Your goal
Leaving the pictures aside, repeat every line below exactly.

Input data

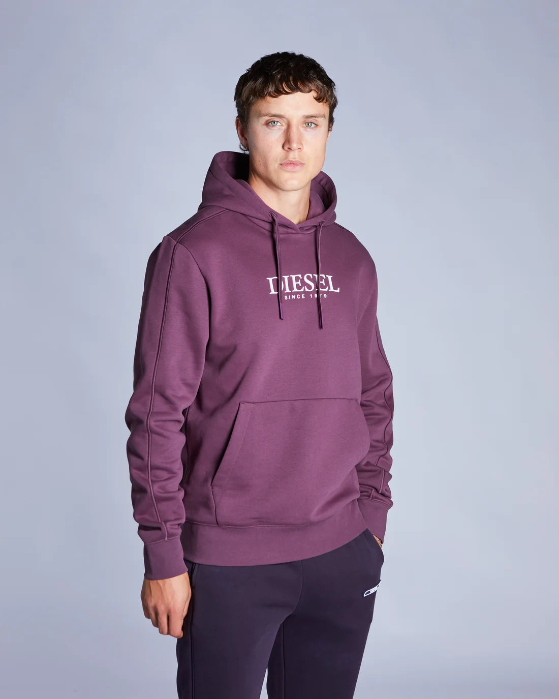 A super soft sweat fleece hoodie with a DIESEL raised rubber print on the chest & branded drawcords. Team it with one of our Classic Track t-shirts & jogger for a complete Classic Track look.
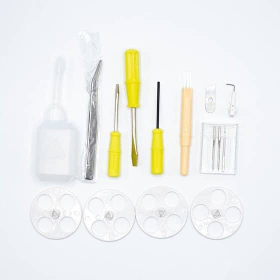 - Objednajte si súčasne kvalitné a napriek tomu cenovo výhodné overlockové nite v 5000 m návinoch a ihly vhodné pre tento overlock (každú farbu nití po 4 ks, pretože sa jedná o 4-nitný overlock).
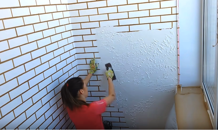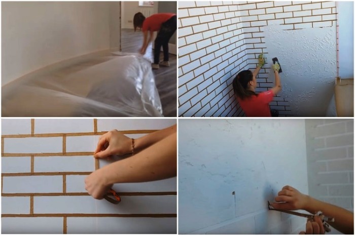 Многие мечтают сделать в своей квартире стену в стиле лофт с кирпичной кладкой. Но поход в магазин стройматериалов заставляет забыть о столь желанном интерьере, ведь далеко не все смогут обнаружить под слоем штукатурки настоящий кирпич, а на покупку такого материала потребуется кругленькая сумма. Хотя как показывает практика, и в этом случае не надо отчаиваться, потому что всегда найдутся умельцы, которые с минимальным бюджетом смогут сделать идеальную кладку .без кирпича. При этом они не только изобретают и ухищряются, но и делятся своим опытом в Сети. Кирпичную стену можно сделать из декоративной штукатурки (работа Анастасии Зайцевой). | Фото: pro-remont.mediasalt.ru. Кирпичная стена в интерьере квартиры или дома стала очень модным атрибутом и многие стремятся заполучить ее любой ценой. Конечно же, есть некоторые счастливчики, которые смогут обнаружить под толстым слоем штукатурки столь желанный материал. Им останется его только очистить, привести в порядок, покрасить и стильный элемент декора интерьера готов. Но, как правило, большинство из нас под ней обнаруживает бетон, алебастр, строительный мусор, а иногда и дыры к соседям (кому совсем не повезет). Поход в магазин стройматериалов у многих сразу отбивает охоту от создания стильного элемента интерьера, потому что цена на настоящий кирпич очень уж кусается, даже если кладкой планируют заниматься сами. Но наш народ на выдумку всегда хитер, поэтому нашлись мастера, которые с минимальными затратами умудряются создавать настоящие шедевры, не заменяя натуральный материал на банальные обои под кирпич или такого же плана декоративные плиты из пенопласта. Сделать декоративную штукатурку под кирпич смогут даже дилетанты или хрупкие девушки. | Фото: youtube.com/ Анастасия Зайцева. И самое интересное, за такую грязную работу берутся хрупкие девушки, которым удается создавать настоящие шедевры. Так, например, мастер декоративной штукатурки Анастасия Зайцева на своем канале в You Tube показала довольно интересный способ создания кирпичной стены без кирпича. Благодаря ее методу можно без особых капиталовложений наконец-то исполнить свою мечту, но для этого все равно понадобится ваше желание, сноровка, некоторые стройматериалы и инструмент. Чтобы облегчить вам задачу на примере идеи Насти, авторы Novate.Ru составили наглядную инструкцию как это сделать качественно и красиво. Для создания кирпичной стены без кирпича нужно иметь декоративную штукатурку, грунтовку, воду и инструмент. | Фото: youtube.com/ Анастасия Зайцева. Итак, для того чтобы сделать практически настоящие «кирпичи» собственными руками,Э понадобится: - полиэтиленовая пленка для защиты напольного покрытия от влаги и раствора; - глубоко проникающая грунтовка для подготовки стен; - лазерный уровень; - узкая малярная лента (изолента); - декоративная акриловая штукатурка для внутренних работ; - металлическая затирочная доска; - шпатель; - пульверизатор; - наждачная бумага; - валик; - вода. Чтобы не испортить напольное покрытие его нужно затянуть защитной пленкой. | Фото: youtube.com/ Анастасия Зайцева. Прежде чем приступать к работе, нужно освободить стену и подступы к ней. Чтобы не повредить напольное покрытие, накройте его защитной пленкой и зафиксируйте ее максимально близко к плинтусам. Очистите плоскость от пыли, если есть трещины или отслойки штукатур

Written response
 A super soft sweat fleece hoodie with a DIESEL raised rubber print on the chest & branded drawcords. Team it with one of our Classic Track t-shirts & jogger for a complete Classic Track look.
 - Objednajte si súčasne kvalitné a napriek tomu cenovo výhodné overlockové nite v 5000 m návinoch a ihly vhodné pre tento overlock (každú farbu nití po 4 ks, pretože sa jedná o 4-nitný overlock).
 Многие мечтают сделать в своей квартире стену в стиле лофт с кирпичной кладкой. Но поход в магазин стройматериалов заставляет забыть о столь желанном интерьере, ведь далеко не все смогут обнаружить под слоем штукатурки настоящий кирпич, а на покупку такого материала потребуется кругленькая сумма. Хотя как показывает практика, и в этом случае не надо отчаиваться, потому что всегда найдутся умельцы, которые с минимальным бюджетом смогут сделать идеальную кладку .без кирпича. При этом они не только изобретают и ухищряются, но и делятся своим опытом в Сети. Кирпичную стену можно сделать из декоративной штукатурки (работа Анастасии Зайцевой). | Фото: pro-remont.mediasalt.ru. Кирпичная стена в интерьере квартиры или дома стала очень модным атрибутом и многие стремятся заполучить ее любой ценой. Конечно же, есть некоторые счастливчики, которые смогут обнаружить под толстым слоем штукатурки столь желанный материал. Им останется его только очистить, привести в порядок, покрасить и стильный элемент декора интерьера готов. Но, как правило, большинство из нас под ней обнаруживает бетон, алебастр, строительный мусор, а иногда и дыры к соседям (кому совсем не повезет). Поход в магазин стройматериалов у многих сразу отбивает охоту от создания стильного элемента интерьера, потому что цена на настоящий кирпич очень уж кусается, даже если кладкой планируют заниматься сами. Но наш народ на выдумку всегда хитер, поэтому нашлись мастера, которые с минимальными затратами умудряются создавать настоящие шедевры, не заменяя натуральный материал на банальные обои под кирпич или такого же плана декоративные плиты из пенопласта. Сделать декоративную штукатурку под кирпич смогут даже дилетанты или хрупкие девушки. | Фото: youtube.com/ Анастасия Зайцева. И самое интересное, за такую грязную работу берутся хрупкие девушки, которым удается создавать настоящие шедевры. Так, например, мастер декоративной штукатурки Анастасия Зайцева на своем канале в You Tube показала довольно интересный способ создания кирпичной стены без кирпича. Благодаря ее методу можно без особых капиталовложений наконец-то исполнить свою мечту, но для этого все равно понадобится ваше желание, сноровка, некоторые стройматериалы и инструмент. Чтобы облегчить вам задачу на примере идеи Насти, авторы Novate.Ru составили наглядную инструкцию как это сделать качественно и красиво. Для создания кирпичной стены без кирпича нужно иметь декоративную штукатурку, грунтовку, воду и инструмент. | Фото: youtube.com/ Анастасия Зайцева. Итак, для того чтобы сделать практически настоящие «кирпичи» собственными руками,Э понадобится: - полиэтиленовая пленка для защиты напольного покрытия от влаги и раствора; - глубоко проникающая грунтовка для подготовки стен; - лазерный уровень; - узкая малярная лента (изолента); - декоративная акриловая штукатурка для внутренних работ; - металлическая затирочная доска; - шпатель; - пульверизатор; - наждачная бумага; - валик; - вода. Чтобы не испортить напольное покрытие его нужно затянуть защитной пленкой. | Фото: youtube.com/ Анастасия Зайцева. Прежде чем приступать к работе, нужно освободить стену и подступы к ней. Чтобы не повредить напольное покрытие, накройте его защитной пленкой и зафиксируйте ее максимально близко к плинтусам. Очистите плоскость от пыли, если есть трещины или отслойки штукатур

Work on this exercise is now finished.